Lottery ticket demand
Demand increases as people participate, even though probability decreases. Over-weighting small probabilities
Mental accounting
We perceive money to be nonfungible - objectively, money in the pocket should be the same as money in checking/savings, but we don’t experience it that way. We treat money differently depending on situation - saving $5 on $15 seems better than saving $5 on $750. We tend to keep artificial, separate budgets for different things. This happens because it is easier to keep track of money if we reset our reference point for each account we keep.
Sunk cost effect
Once already invested, don’t want to quit even if odds against. Failure to adjust a reference point appropriately to take in only future costs and gains.
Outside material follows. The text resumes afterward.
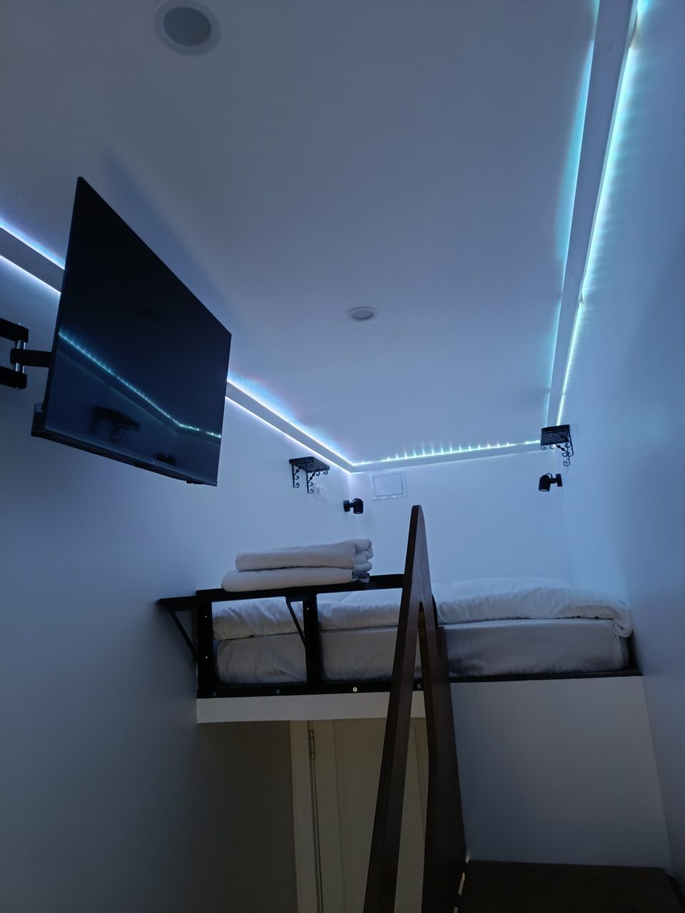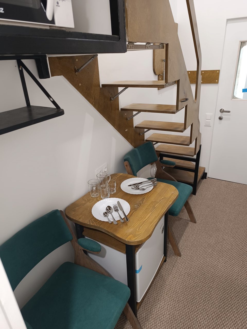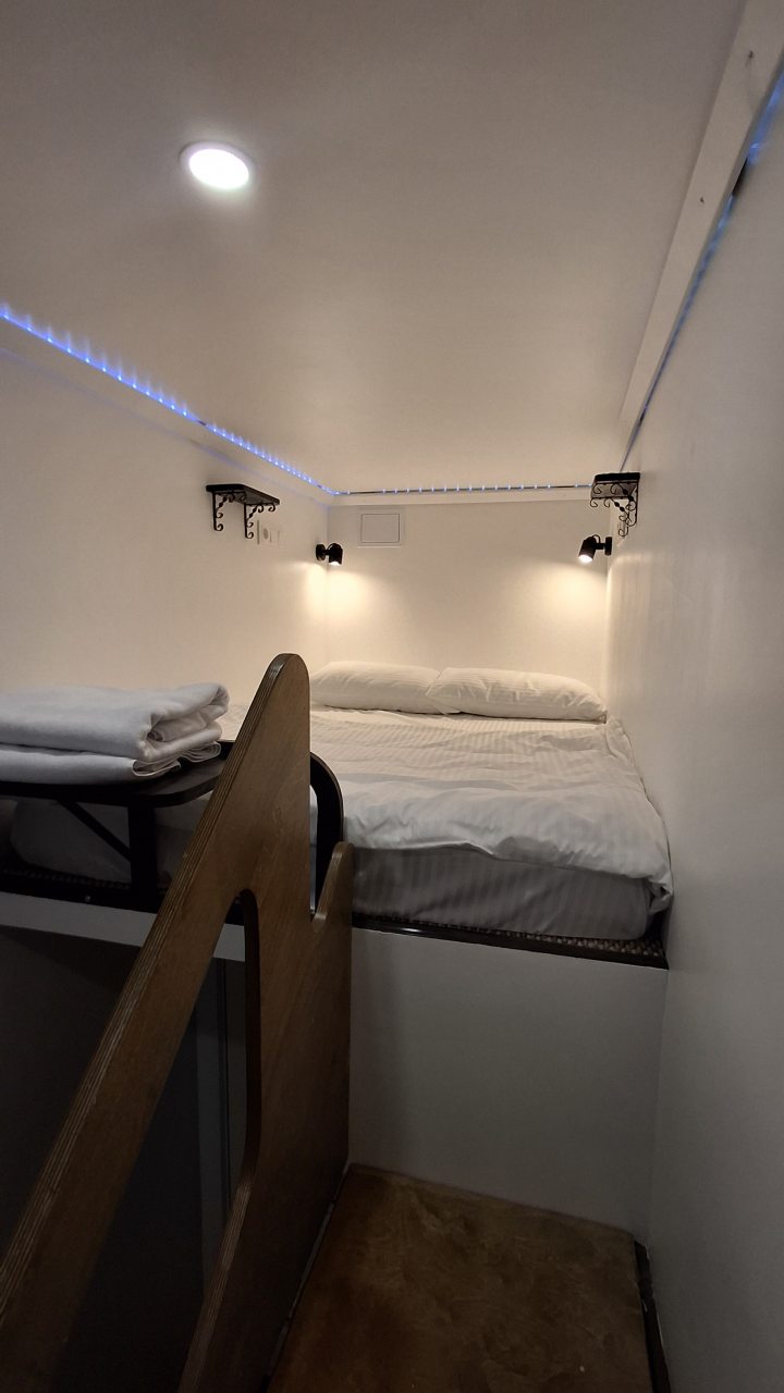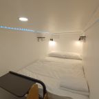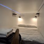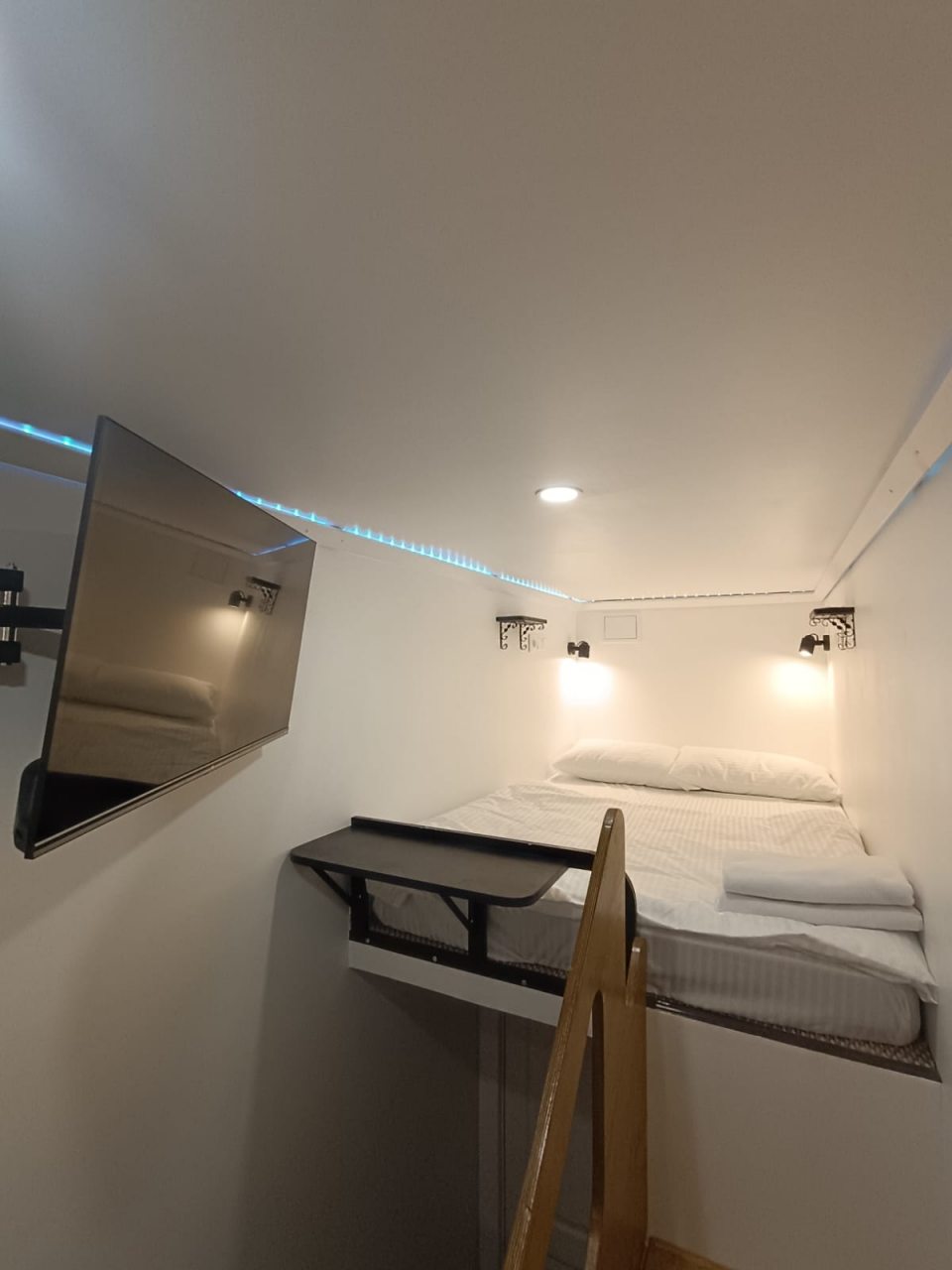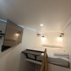 Для проживания предлагаются двухместные капсульные номера-лофт со всеми удобствами: двуспальной кроватью, бра, светильниками. Возле кровати имеются розетки для удобной подзарядки. Вечером можно посмотреть любимые программы по телевизору. Доступна точка доступа Wi-Fi. Гладильные принадлежности на этаже в общем пользовании. В ванной комнате есть туалет, душ, фен, набор полотенец, тапочки.

We keep mental accounts open in order to balance, when in fact we should ignore what happened in the past. Increased risk taking
Framing effects
The way choices are framed has a big impact on our decisions. Recall risky choice framing (framed as gain or loss) discussed earlier
Attribute framing
We like hearing 90% lean rather than 10% fat; 95% success rate rather than 5% failure rate
Do different frames provide different information?
Some argue that they do, as they emphasize different information and suggest different inferences/opinions
Goal framing
Framing policies differently to influence behavior. Saving environment vs. destroying environment vs. cutting jobs vs. hurting the economy. Goes a step further than attribute framing by changing the issue, highlighting certain aspects and ignoring others
Revealed vs. Constructed Preference
People have stored preferences that can be discovered or inferred via behavior vs. people do not have pre-stored preferences but construct when asked - flexible. Evidence is against revealed preference because framing causes preference reversals.